Media Appearance and Eductional Debt
First, I want to thank Fatima Ashraf of Radio Tahrir for interviewing me this past week for Pacifica Radio’s Informed Dissent series. We did a brief interview on Proposal 2 and how it’s been swept under the rug in light of the “Democratic Sweep.” You can find it on the Nov 18th in part one about half way through.
Last night I was reading and talking to one of my boys and I told him I was reading about the achievement gap. To which he responded, “You love to read about that ish.” Which I do, it’s the motivation for my research. While we talked I lamented over not really learning anything “new” from most publications on it. He responded, “Well if you’re going to publish on it, why don’t you just write the book that someone’s going to write in 25 years. Just say it (the achievement gap) ain’t going no where.” While on the face this remark is fatalistic, I think he’s actually right on. I was further confirmed of this when I woke up and finally read through Gloria Ladson-Billings’ 2006 American Educational Research Association’s Presidential Address. The talk was entitled “From the Achievement Gap to the Education Debt: Understanding Achievement in U.S. Schools.” The talk is really amazing and I encourage you read it, it’s a little longer than most things that I link to, but well worth it. Or you can watch it here.
She uses economics to discuss educational inequality but not in predictable ways. She uses economics to talk about people.
I am arguing that our focus on the achievement gap is akin to a
focus on the budget deficit, but what is actually happening to
African American and Latina/o students is really more like the
national debt. We do not have an achievement gap; we have an
education debt.
The talk is based on the idea that we do not know what really causes the narrowing of the gap.

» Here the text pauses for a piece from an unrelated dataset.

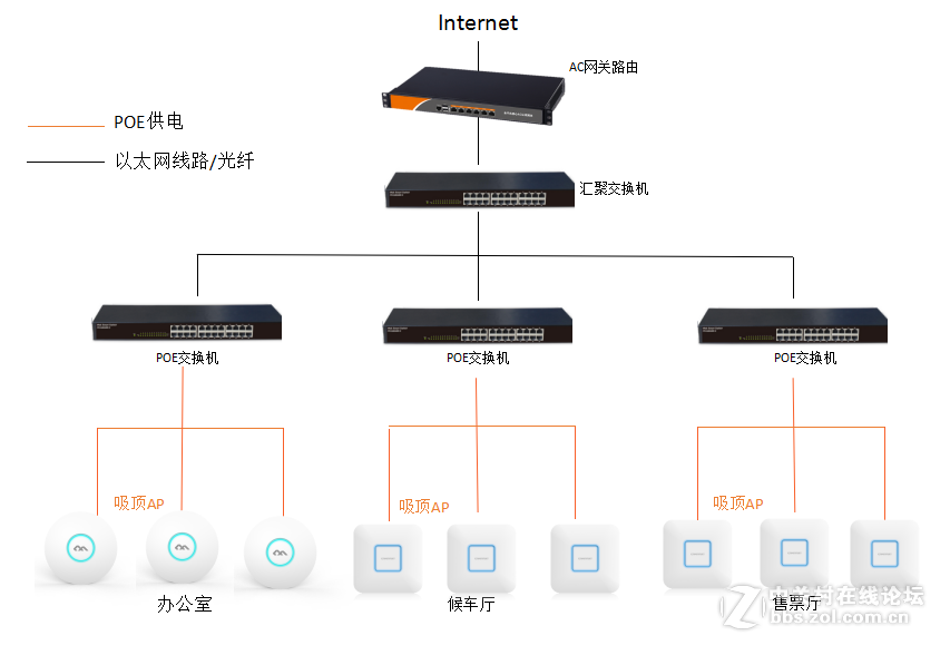 统一管理:无线组网的方式采用COMFAST AC智能网关+双频AP接入,支持无线终端的负载均衡,无缝漫游,数目统计等;无线AP的升级、配置下发、配置修改,都可通过AC网关配合桔子系统OrangeOS进行,方便管理。

However, when we begin looking at the construction and compilation
of what I have termed the education debt, we can better
understand why an achievement gap is a logical outcome. I am
arguing that the historical, economic, sociopolitical, and moral
decisions and policies that characterize our society have created an
education debt.
She powerfully weaves a narrative of black, brown, yellow and red children’s cumulative educational disadvantage. She makes powerful policy metaphors from Plessy v. Ferguson, Brown v. Board of Ed, the Voting Rights Acts all the way to the responses to Hurricane Katrina. She leaves us with fertile ground to start our work toward improving children’s lives and opportunities. I can’t encourage you enough to read it, it gives a richer context to discussions of the pursuit of educational and social inequality.